The Mediaeval Baebes, Bond and Charlotte Church are creating most of the noise in classical music at the moment. With the exception of Miss Church, of whom we’ve all heard quite enough, these might be unfamiliar names to many. Transparently alluded to as “the wet T-shirt quartets”, these scantily clad girls who dare to call themselves classical musicians were the target of an impassioned speech given by Sir Thomas Allen at the Royal Philharmonic Society awards this month. According to Sir Thomas, these mellifluous lovelies are pulling all the wrong strings and propelling us into giddy cultural decline.
This seems rather a heavy charge for simply spicing up the realm of Elgar and Vivaldi. Since 80 per cent of classical CDs are bought by men, you might think that they should bear some responsibility – but no the girls get all the blame.
Sir Thomas is not alone in his agitation about artistic “integrity”. Alongside the hysteria surrounding Madonna and Gwyneth Paltrow, the latest Hollywood imports to hit the London stage, we have predictable sniffiness about celebrity impostors. An editorial in the Guardian (where else?) suggested that many of those who have secured tickets for these “star-mobiles” might not know the names of the playwrights. Perish the thought. But is it not also true that some flock to Shakespeare, to the exclusion of lesser-known writers, simply because they have heard of him?
The implication is that we may be dismayed to find that Madonna is no Maggie Smith, or that we would buy Bond expecting Borodin standards. Or, worse still, that we would be unable to tell the difference. Yet contemporary fiction has chick-lit and survives.

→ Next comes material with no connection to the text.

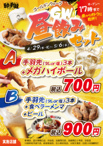 GW限定で酔っ手羽「昼飲みセット」が登場します。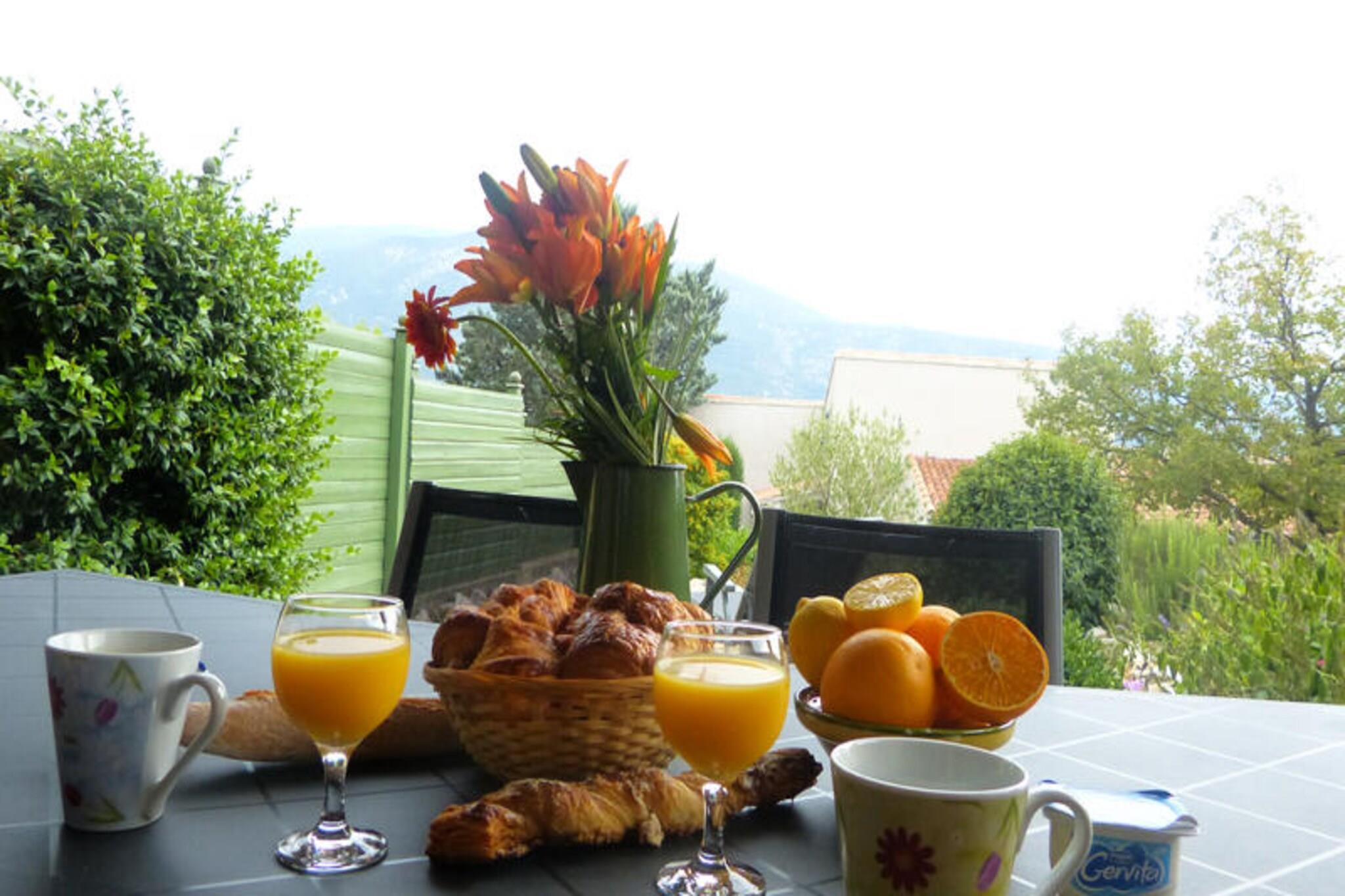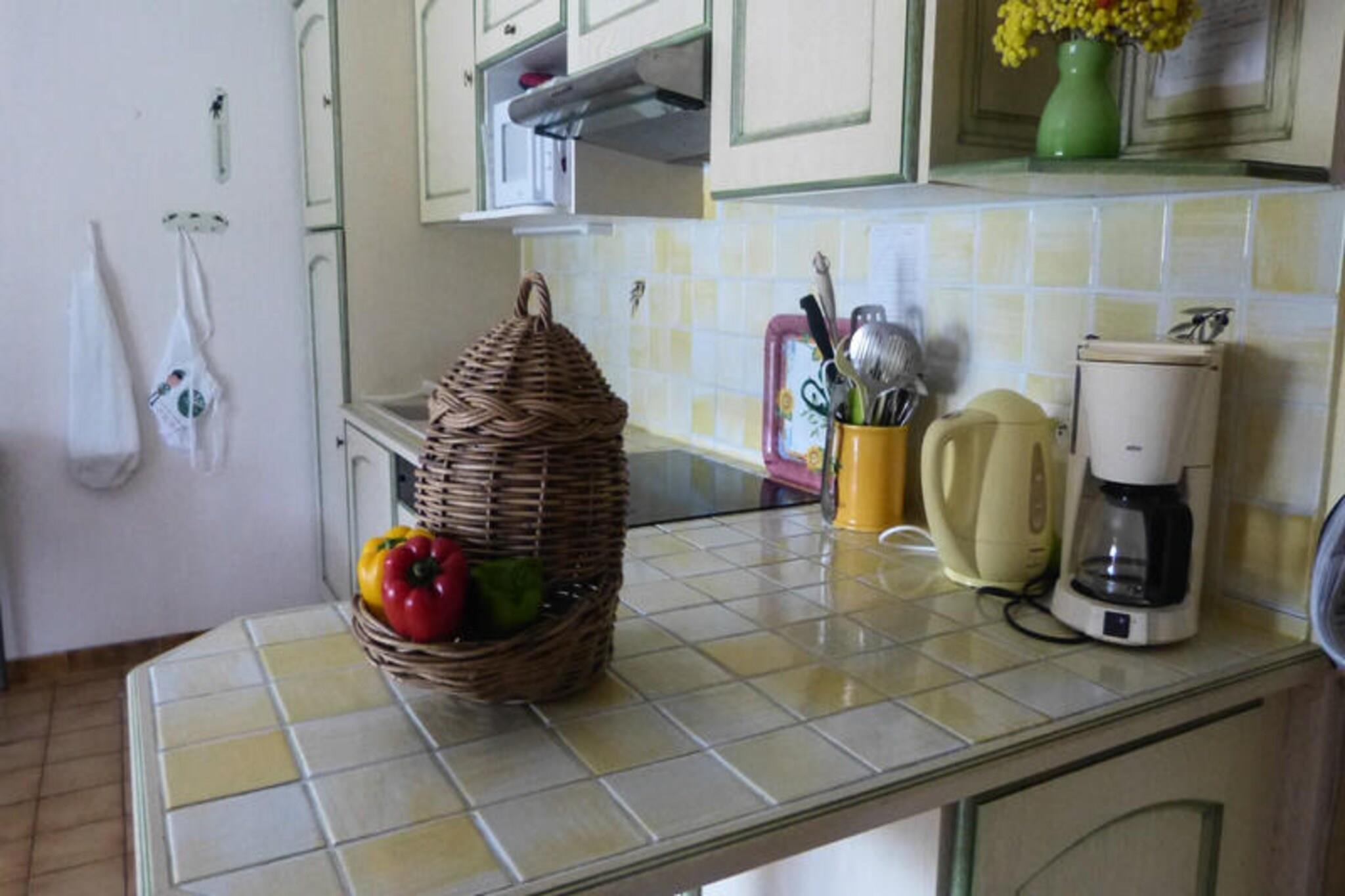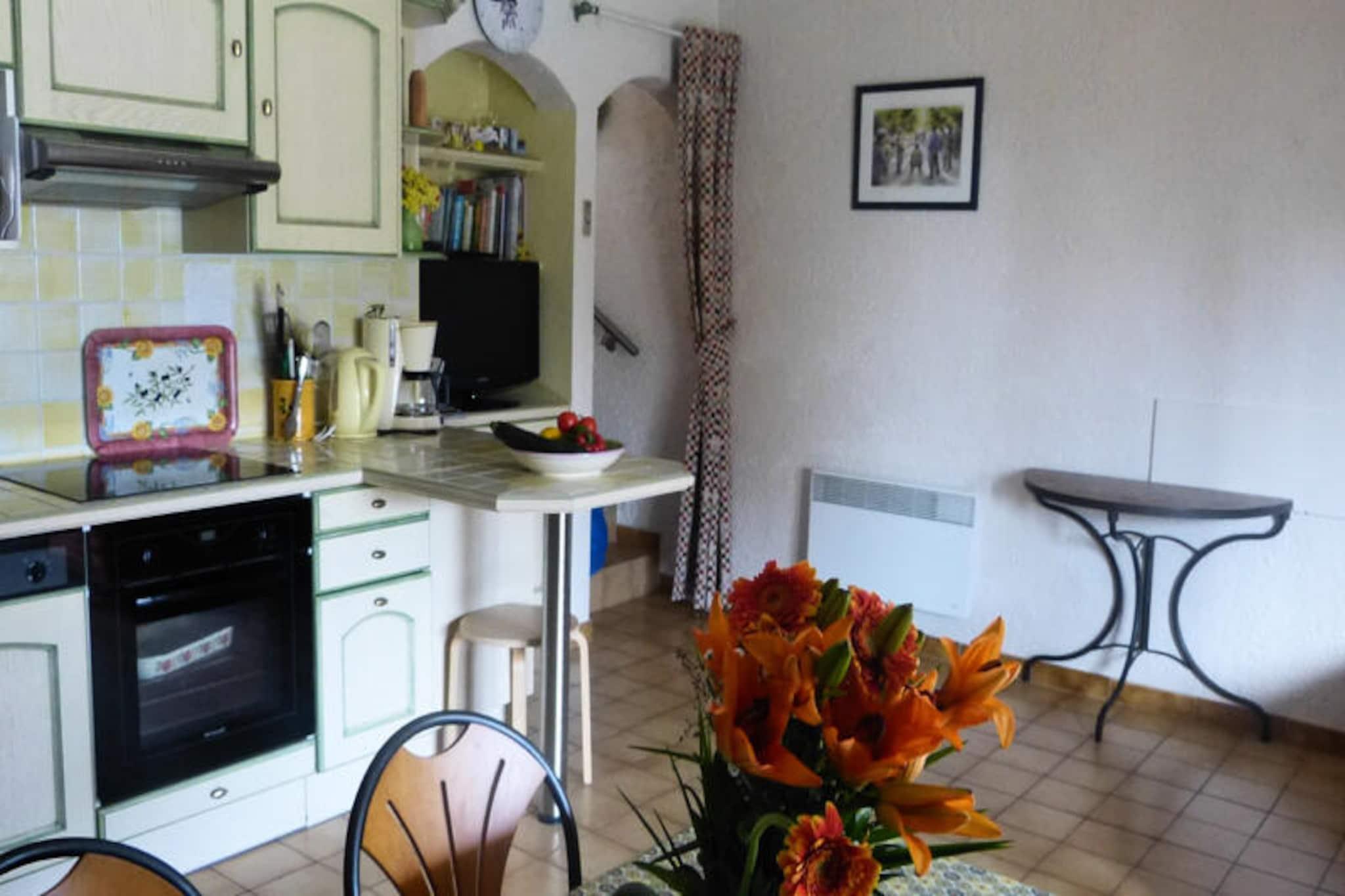 Im malerischen Dorf Mollans-sur-Ouvèze, wo provenzalischer Charme auf die Ruhe der Natur trifft, bietet dieses charmante Ferienhaus den perfekten Rahmen für einen unvergesslichen Urlaub. Umgeben von sanften Hügeln und Lavendelfeldern lädt dieses 55 m² große Ferienhaus zum Entspannen und Genießen der entspannten Lebensart im Herzen der Drôme Provençale ein. Ob Sie mit Freunden oder der Familie reisen, diese Unterkunft bietet eine warme und einladende Atmosphäre, in der Sie sich wie zu Hause fühlen werden. Im Inneren finden Sie zwei gemütliche Schlafzimmer – eines mit einem Doppelbett und das andere mit zwei Einzelbetten – sowie ein bequemes Doppelschlafsofa im Wohnzimmer. Somit bietet das Ferienhaus Platz für bis zu sechs Gäste. Die offene Küche ist komplett ausgestattet mit modernen Geräten, darunter Kühlschrank, Backofen, Mikrowelle und allem, was Sie für die Zubereitung köstlicher Mahlzeiten benötigen. Treten Sie hinaus auf die 15 m² große Terrasse mit Garten, wo Sie mit einem Buch entspannen, ein Glas Wein aus der Region genießen oder einfach die provenzalische Sonne tanken können. Der 15 x 8 Meter große Gemeinschaftspool ist ein Highlight für Gäste jeden Alters und bietet eine erfrischende Abkühlung in den warmen Sommermonaten. Tierliebhaber werden sich freuen zu hören, dass bis zu zwei Haustiere willkommen sind – ein wirklich inklusiver Urlaub. Private Parkplätze direkt am Haus sorgen für eine stressfreie Anreise, und eine elektrische Heizung hält die Wohnung an kühleren Abenden gemütlich warm. Obwohl im Apartment kein WLAN verfügbar ist, bietet sich hier die Gelegenheit, abzuschalten und die Ruhe der Umgebung zu genießen. Wer online bleiben muss, kann kostenloses WLAN auf der Terrasse der Rezeption nutzen. Mit seiner idyllischen Lage und den durchdachten Annehmlichkeiten verspricht dieses charmante Anwesen in Mollans-sur-Ouvèze einen erholsamen Aufenthalt, bei dem Sie Zeit mit Ihren Lieben verbringen und die Schönheit der Natur genießen können. Ob Sie die nahegelegenen Weinberge erkunden, Wanderwege entdecken oder einfach nur die friedliche Atmosphäre genießen – dieses Reiseziel wird Ihnen unvergessliche Erinnerungen bescheren.

In an aesthetic landscape of dirty knickers and naked Mrs Robinsons, the greatest stir is created by outraged stuffiness. As Sir Thomas conceded, at no point in his 30-year career has he received the attention provoked by this “affray”. Is this lack of interest an indictment of us, or of the presentation of the arts today? These are the questions we should ask, rather than getting steamed up about a few babes, innocent or not.
After all the recent excitement, Sir Thomas might take a trip to the Tate Modern, where Picasso and Matisse are also battling it out for the nation’s hearts. Here he will find lots of under-dressed young ladies who can safely be described as Art.